▸ EXTRACTED MATERIAL:
——

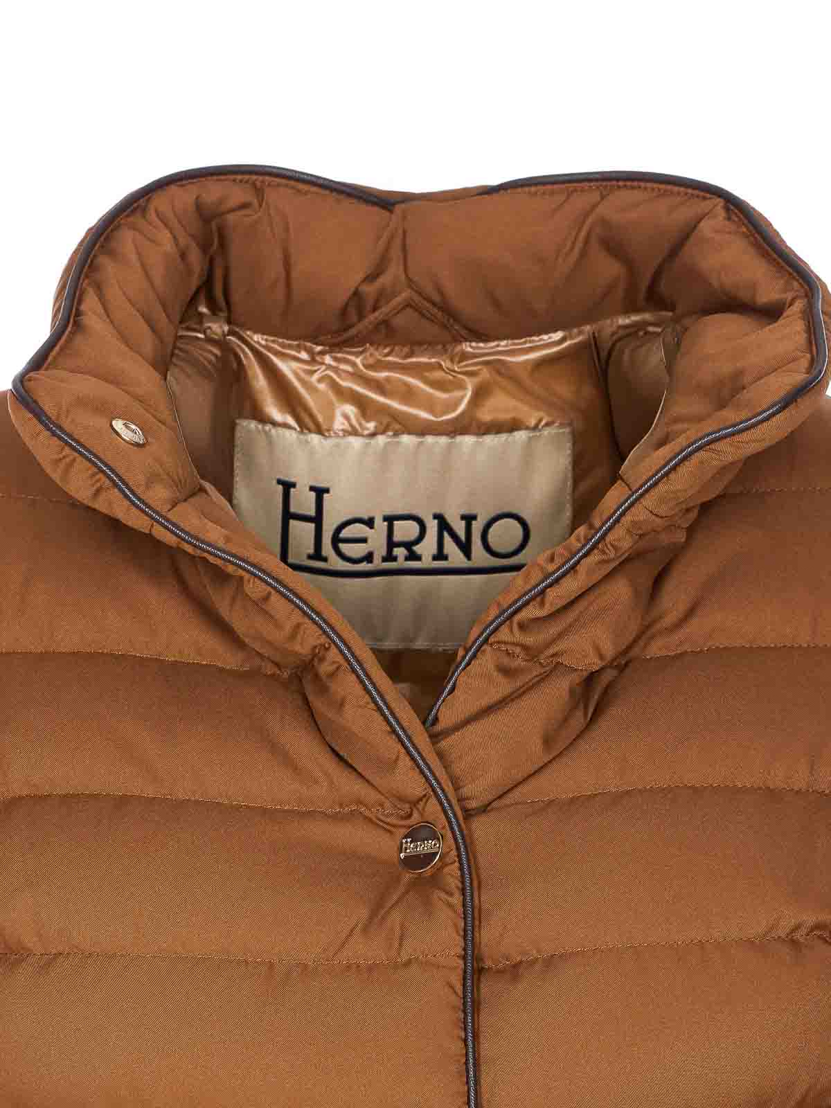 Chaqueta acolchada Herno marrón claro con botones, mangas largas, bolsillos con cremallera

——

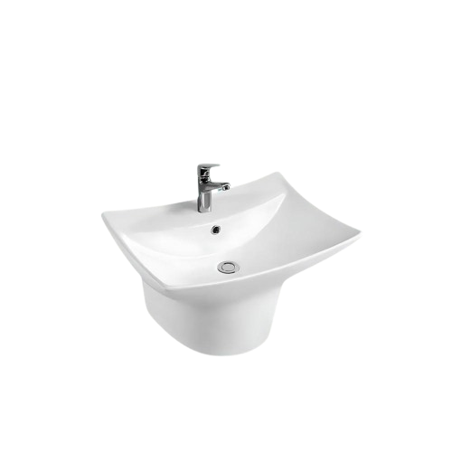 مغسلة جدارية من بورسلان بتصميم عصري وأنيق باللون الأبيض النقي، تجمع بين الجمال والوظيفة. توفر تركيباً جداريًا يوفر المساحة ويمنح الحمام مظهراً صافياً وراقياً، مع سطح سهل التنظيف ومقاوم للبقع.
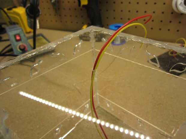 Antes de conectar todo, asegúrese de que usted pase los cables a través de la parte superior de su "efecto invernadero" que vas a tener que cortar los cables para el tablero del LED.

——

▸ EXERCISE REQUIREMENTS: For this exercise, please set down exactly the lines of the listing above from the line with "مغسلة جدارية من" up to and including the line with "Antes de conectar", and no pictures.

▸ SOLUTION:
 مغسلة جدارية من بورسلان بتصميم عصري وأنيق باللون الأبيض النقي، تجمع بين الجمال والوظيفة. توفر تركيباً جداريًا يوفر المساحة ويمنح الحمام مظهراً صافياً وراقياً، مع سطح سهل التنظيف ومقاوم للبقع.
 Antes de conectar todo, asegúrese de que usted pase los cables a través de la parte superior de su "efecto invernadero" que vas a tener que cortar los cables para el tablero del LED.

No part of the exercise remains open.